Das Internierungslager Katzenau bei Linz bestand während des Ersten Weltkrieges. Es diente der Aufnahme von Zivilpersonen aus Staaten, die mit Österreich-Ungarn Krieg führten, aber auch „unverlässlichen“ Angehörigen der Donaumonarchie. Dies waren hauptsächlich „Reichsitaliener“ und „verdächtige Inländer“ italienischer Nationalität.

Zur Vorgeschichte

Bei den Offensiven in Serbien und Galizien zu Beginn des Ersten Weltkriegs machte die k.u.k. Armee hunderttausende Kriegsgefangene, für die eine Reihe von Lagern gebaut wurde. Die oberösterreichischen Standorte dieser Lager waren Aschach, Braunau, Freistadt, Kleinmünchen, Marchtrenk und Mauthausen. Anders als bei den als "feindliche Kombattanten" internierten Insassen dieser Lager handelte es sich bei den Insassen des Lagers Katzenau jedoch um Zivilisten.

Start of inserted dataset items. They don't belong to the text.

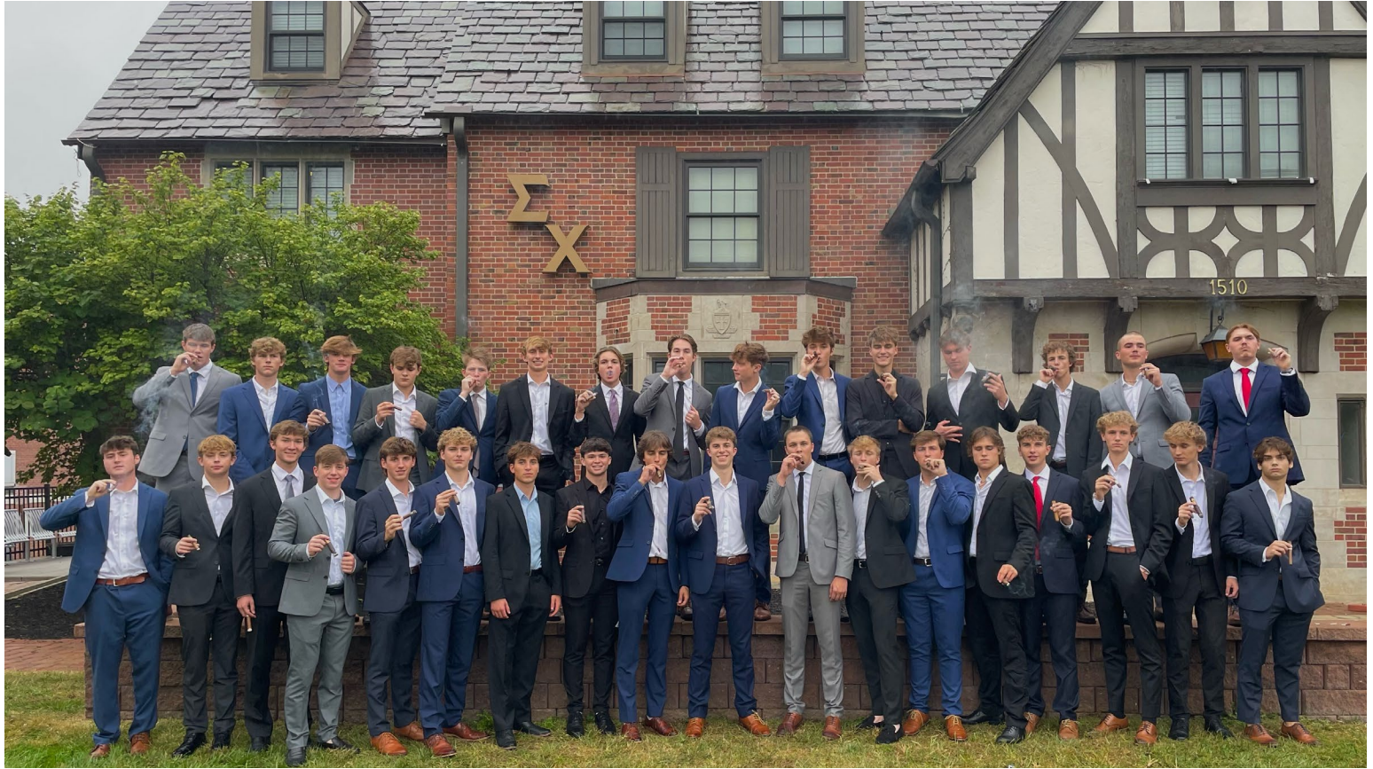
The newest fall class of '31, initiated the morning of September 23, 2023.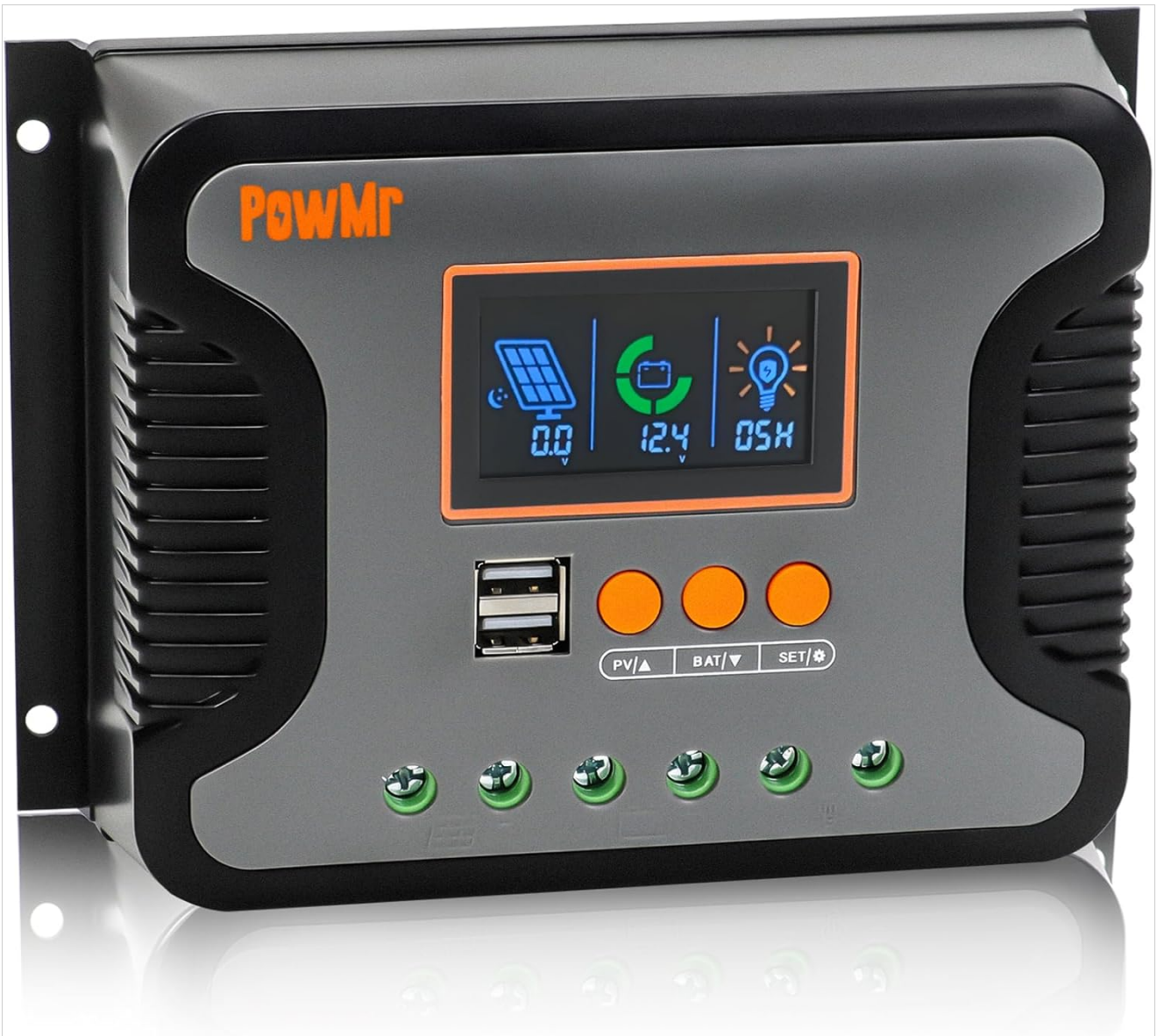
Figure 3.1: Front view of the PowMr 80A Solar Charge Controller, highlighting key technical specifications such as Max. PV Open Circuit Voltage (100V), Rated Charging Current (80A), Nominal System Voltage (12V/24V/36V/48V Auto), Charging Technology (PWM), Charge Algorithm (3-Stages), USB Interface (5V/2A*2), Net weight (0.75 kg), and Operating Temperature Range (-20°C ~ +55°C).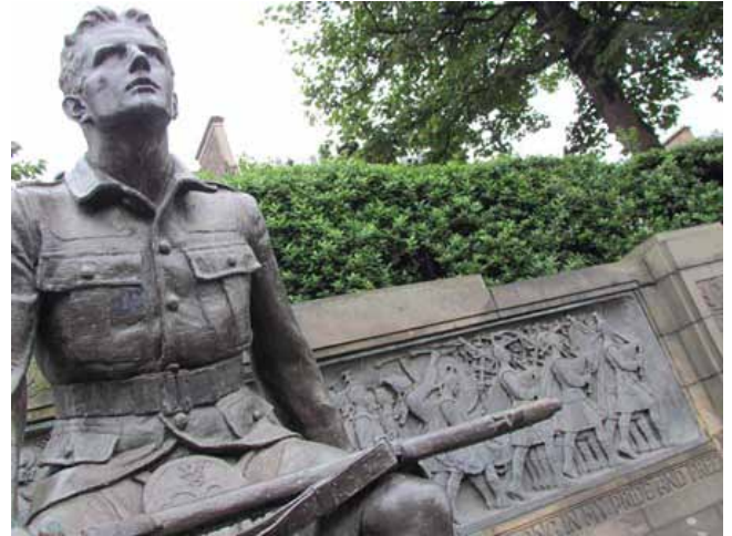
The Scottish-American war memorial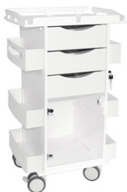
PN: 53547 White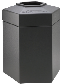
45-gallon Hex #737224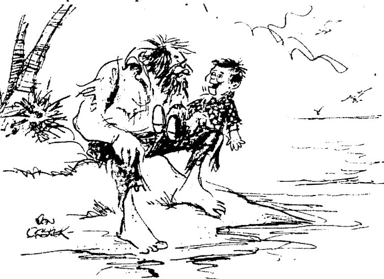
"If it wasn't for you, I think I would have gone mad."

Nach dem Kriegseintritt Italiens auf Seite der Entente-Mächte am 23. Mai 1915 ordneten die Militärbehörden der Donaumonarchie rasch die Internierung aller im Staatsgebiet verbliebenen „Reichsitaliener“ (Angehörige des Königreichs Italien) an. Gleichzeitig wurden des Irredentismus verdächtigte italienischsprachige Inländer aus dem Welschtirol/Trentino, aber auch aus dem Österreichischen Küstenland und Dalmatien festgenommen und in Internierungslager oder Konfinierungsstationen verfrachtet.

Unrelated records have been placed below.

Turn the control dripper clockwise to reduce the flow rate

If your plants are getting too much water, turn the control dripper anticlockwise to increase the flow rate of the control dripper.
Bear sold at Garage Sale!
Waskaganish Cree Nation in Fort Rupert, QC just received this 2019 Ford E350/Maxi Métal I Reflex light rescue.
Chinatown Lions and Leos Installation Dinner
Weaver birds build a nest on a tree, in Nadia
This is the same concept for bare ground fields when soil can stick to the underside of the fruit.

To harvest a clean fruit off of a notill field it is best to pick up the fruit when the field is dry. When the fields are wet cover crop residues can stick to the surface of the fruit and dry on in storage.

Diese Maßnahmen waren auf Grund der fragwürdigen Haltung Italiens hinsichtlich eines Kriegeintritts schon länger vorher vorbereitet und teilweise mit überzogener Härte und offenem Hass durchgeführt worden.

Zudem wurde aus militärisch-strategischen Gründen auch die Zivilbevölkerung aus den Grenzgebieten zu Italien zwangsevakuiert und über die beiden so genannten „Perlustrierungsstationen“ Salzburg und Leibnitz auf die innerösterreichischen Kronländer verteilt. Teils in Ortschaften (bis Böhmen und Mähren) angesiedelt, fand sich die mittellose Mehrheit der Flüchtlinge in diversen Lagern untergebracht. Dies vor allem in der Steiermark (Wagna bei Leibnitz) sowie Ober- (Braunau) und Niederösterreich (Bruck an der Leitha, Gmünd, Pottendorf-Landegg, Mitterndorf, Steinklamm).

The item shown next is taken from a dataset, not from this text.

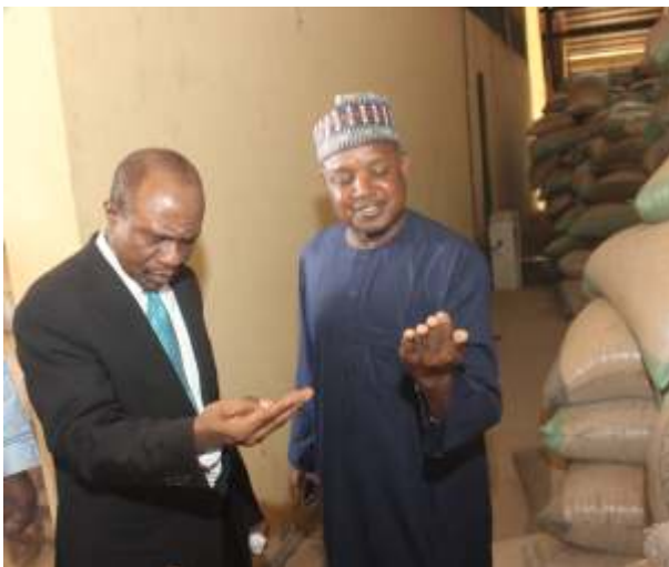
Inspecting rice paddy

The sum of N200billion was set aside for the refinancing/restructuring of SME/ Manufacturing portfolios while the sum of N300billion was applied to power and airline projects.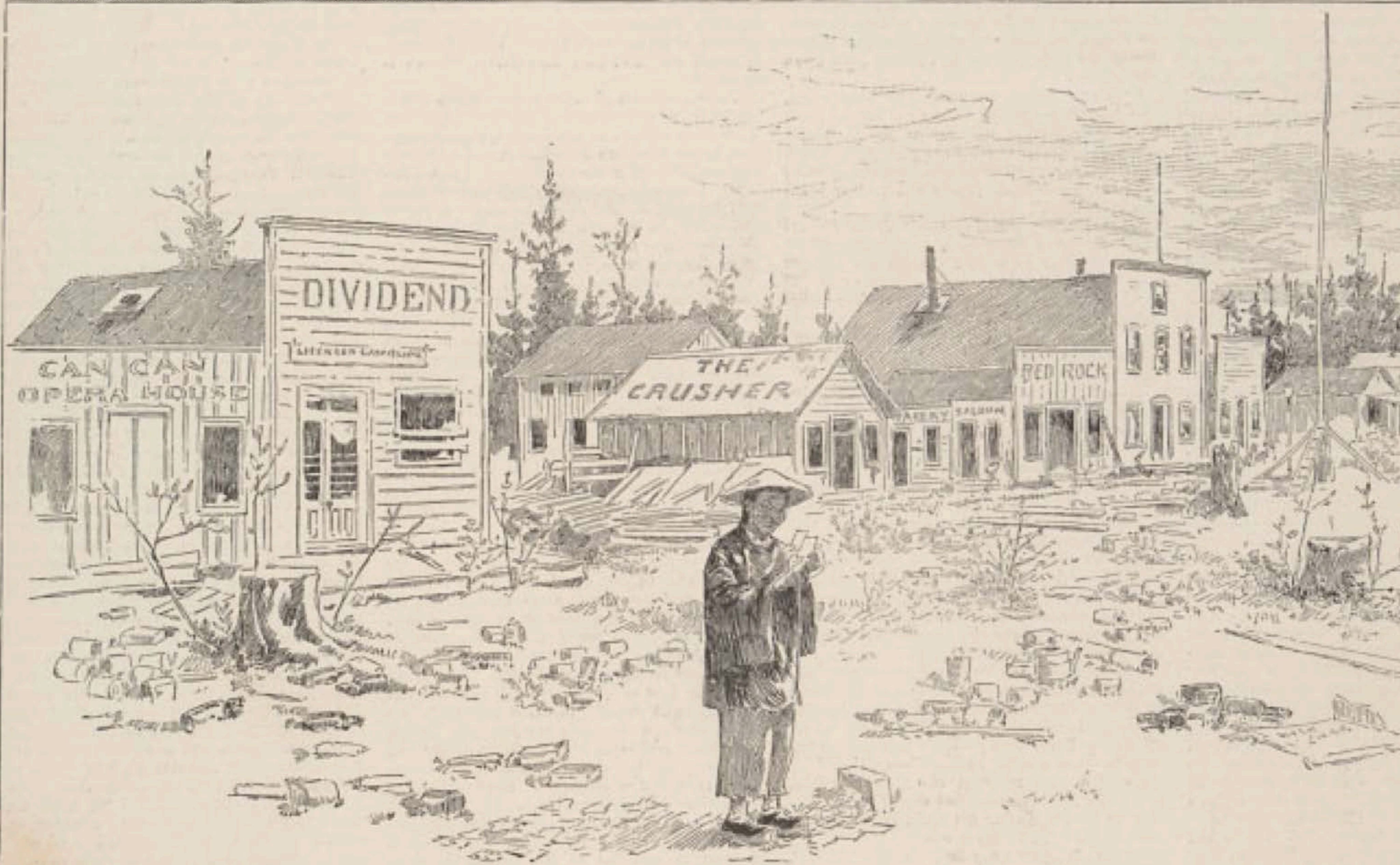
THE "BURSTED" BOOM.

Als „mildere Form der Internierung“ kam seit Kriegsbeginn die Konfinierung (Verbannung) zur Anwendung. Vor allem finanzkräftige Personen mit geringem Fluchtrisiko konnten in Privatquartieren Unterkunft finden, mussten aber sowohl für diese als auch für die Verpflegung selbst aufkommen. Sie durften sich innerhalb bestimmter Bereiche und zu bestimmten Zeiten frei bewegen, mussten sich aber regelmäßig bei Polizei oder Behörden melden und diesen auch ihre Korrespondenz vorlegen. Die größten Konfinierungsstationen befanden sich in Ober- und Niederösterreich (Drosendorf, Groß Siegharts, Heidenreichstein, Linz, Oberhollabrunn, Pulkau).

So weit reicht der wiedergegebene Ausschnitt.